With the pictures omitted, print exactly the lines below, from the one containing "- 在某县委理论学习中心组2" through the one containing "Q4) Awesome Loungefly", and nothing else.

(Study material):
'''
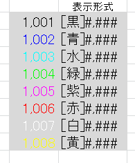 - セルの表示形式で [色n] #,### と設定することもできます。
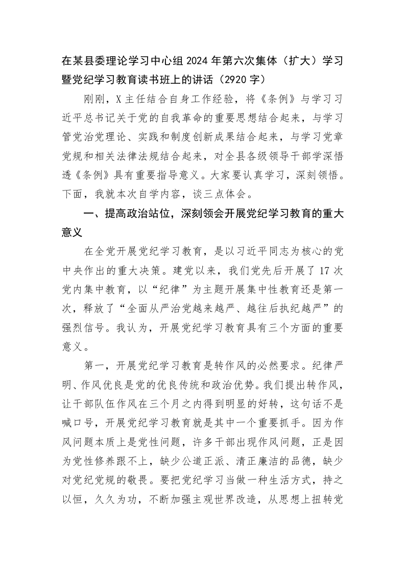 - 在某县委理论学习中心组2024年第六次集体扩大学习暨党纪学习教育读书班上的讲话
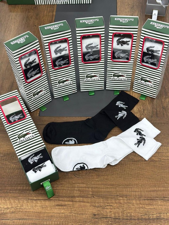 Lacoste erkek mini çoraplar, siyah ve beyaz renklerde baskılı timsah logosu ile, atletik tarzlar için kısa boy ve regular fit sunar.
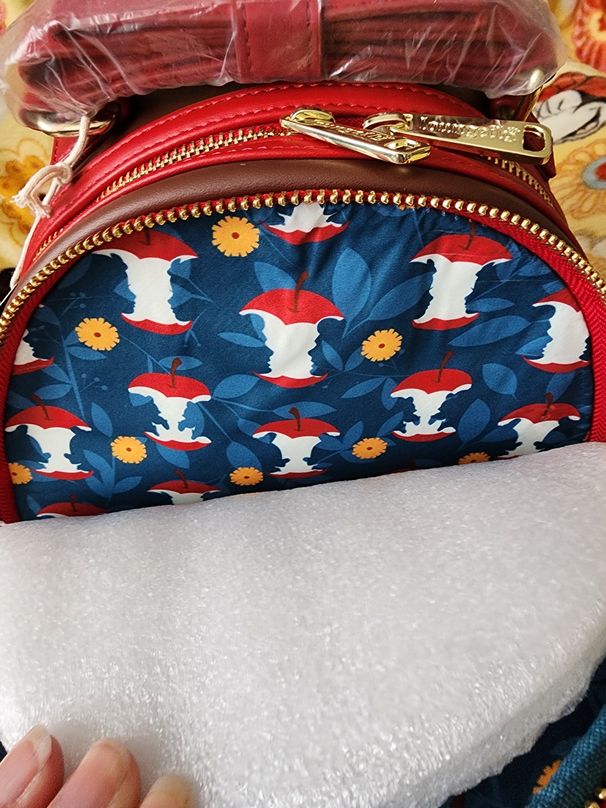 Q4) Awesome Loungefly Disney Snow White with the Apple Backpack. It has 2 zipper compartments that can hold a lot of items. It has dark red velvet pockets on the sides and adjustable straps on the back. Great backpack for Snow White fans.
'''
'''
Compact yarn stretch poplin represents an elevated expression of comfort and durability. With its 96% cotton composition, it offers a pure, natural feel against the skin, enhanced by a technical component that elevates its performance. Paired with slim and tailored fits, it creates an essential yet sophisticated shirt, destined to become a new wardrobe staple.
'''
'''
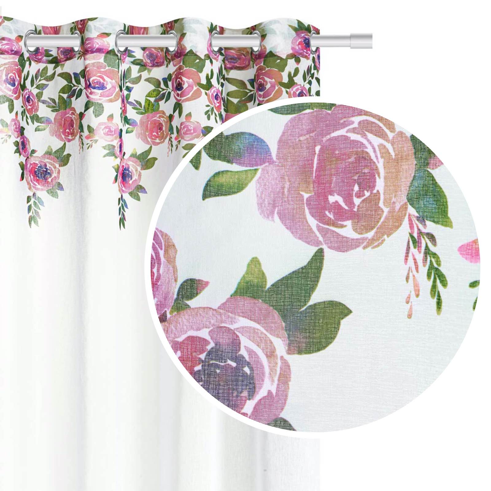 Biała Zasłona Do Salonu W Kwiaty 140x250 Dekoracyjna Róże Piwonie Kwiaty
'''
(Task output):
 - 在某县委理论学习中心组2024年第六次集体扩大学习暨党纪学习教育读书班上的讲话
 Lacoste erkek mini çoraplar, siyah ve beyaz renklerde baskılı timsah logosu ile, atletik tarzlar için kısa boy ve regular fit sunar.
 Q4) Awesome Loungefly Disney Snow White with the Apple Backpack. It has 2 zipper compartments that can hold a lot of items. It has dark red velvet pockets on the sides and adjustable straps on the back. Great backpack for Snow White fans.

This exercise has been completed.